AMD is finally becoming more aggressive in their bid to win the lucrative HPC share, which is set to explode with this week's SC'12 supercomputing conference in Salt Lake City, Utah.
On AMD Fusion Developer Summit 2012 (AFDS), which was held in June 2012 in Bellevue, WA Mark Papermaster (Chief Technology Officer) showed "the next generation FirePro for workstations and servers" card. The card represented quite the departure from familiar-looking FirePro cards, since it featured no less than three 80mm fans and purportedly two GPUs. In conversations with PR team, it was clarified that Mark Papermaster was mistaken, and that the part in question was long delayed and pretty much shelved Radeon HD 7990 (PowerColor launched the product on their own). Today we see that the CTO of AMD was not mistaken in any way, and that he indeed, showed the server part.
FirePro S10000 (S10K) represents the best Southern Islands GPUs can offer to give "optimal efficiency for HPC calculations, ideal for virtual desktop infrastructure (VDI) and workstation graphics deployments." This is also (on paper) the highest performing accelerator on the market. AMD cites 5.91 TFLOPS single-precision and 1.48 TFLOPS in double-precision floating-point operations. This is higher than what both Intel and Nvidia can offer with their Xeon Phi 3110/5110P and Tesla K10 and K20/K20X boards. In fact, in terms of peak compute performance, this is the highest performing accelerator card of all time.
As you might have figured out, the S10K is consisted out of two Tahiti XT GPUs, packing no less than 4096 stream cores, while the dual 384-bit memory interface delivers 480GB/s (240GB/s per GPU). On paper, nothing compares to this part. We believe that AMD should have launched the 12GB version (6GB per GPU instead of "just" 3) and completely thrash the competition, but there are objective reasons why the company did not dare to offer maximum memory configuration. Probably the biggest concern was populating the back of the card on a server board, as these parts have to endure 100% computational load for most of its life.

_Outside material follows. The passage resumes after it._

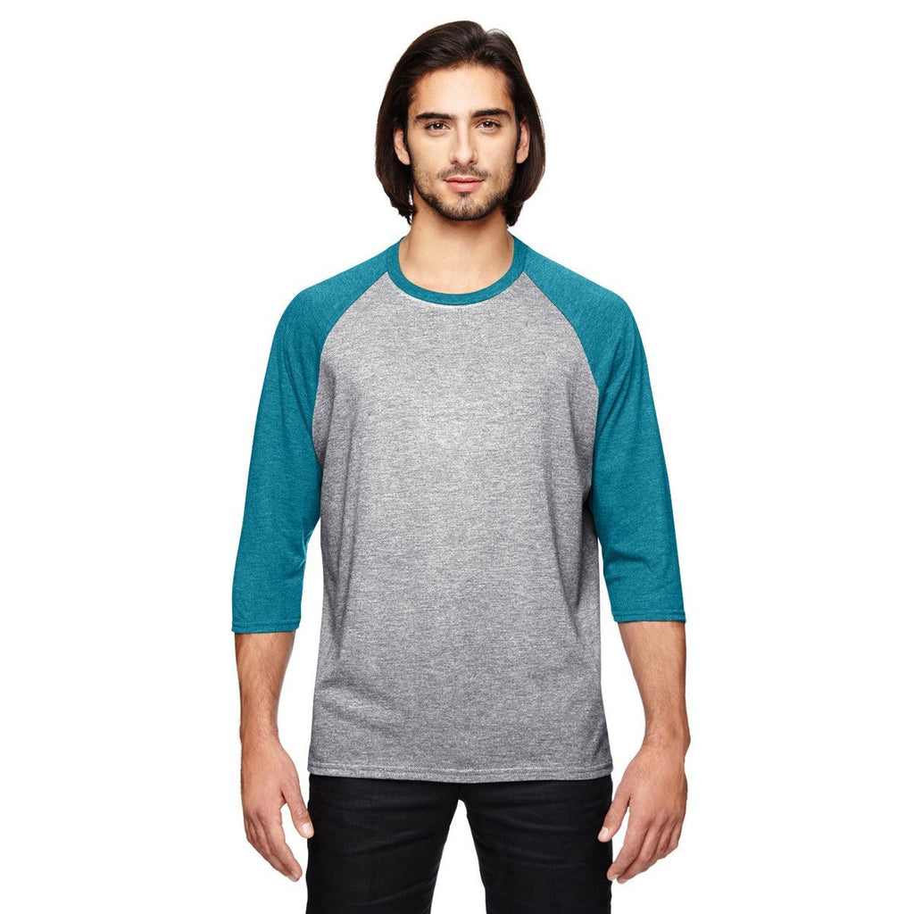 The Anvil Men's Heather Blue/True Heather Grey Triblend 3/4-Sleeve Raglan T-Shirt makes the ideal shirt to wear for the players on your company softball team. Just remember to add your corporate logo to get your company to stand out at the softball complex. The semi-fitted silhouette design and contrast color set-in collar complement the practical addition of the 3/4-long raglan sleeves. Soft cotton and rugged polyester keep the shirt in mint condition for several softball seasons. Side seam construction enhances the durability of a t-shirt made for the competitor inside each of your employees. Enjoy the durable double-needle sleeves and bottom hem, as you slide into second base.

Still, S10000 has equal amount of memory to single-GPU configurations like Sapphire's Toxic HD 7970 6GB, K20X (6GB) and less memory than Intel's Xeon Phi 5110P (8GB) and Tesla K10 (8GB).
Furthermore, AMD is the only vendor that doesn’t offer a passively cooled option, which will prevent system integrators from embedding this part with their standard 1U and 2U servers. In the high-occupancy 4U configuration, you should be able to put up to 8 FirePro S10000 boards, for a 16GPU/48GB GDDR5 configuration. We spoke with one of vendors that will unveil its FirePro S10000 system at SC'12 in a few hours time, and it cites record performance from a 4U box:
- 8x FirePro S10000
- 16 Tahiti XT GPU
- 48GB GDDR5 Memory
- 3.75 TB/s Aggregate GPU bandwidth
- 47.28 TFLOPS Single Precision (peak)
- 11.68 TFLOPS Double Precision (peak)
In the standard 42U rack, you could configure up to seven systems for a grand total of:
- 56 FirePro S10000
- 112 Tahiti XT GPUs
- 336GB GDDR5 Memory
- 26.25 TB/s Aggregate GPU bandwidth
- 330.96 TFLOPS Single Precision (peak)
- 82.88 TFLOPS Double Precision (peak)
All in all, it is good to see that AMD is becoming more aggressive and is launching products for this space, but we cannot but wonder is this the reason why HD 7990 never saw the light of the day. Furthermore, AMD could have made a passively cooled part without DisplayPort, HDMI and DVI, as these things are really unnecessary in a server configuration.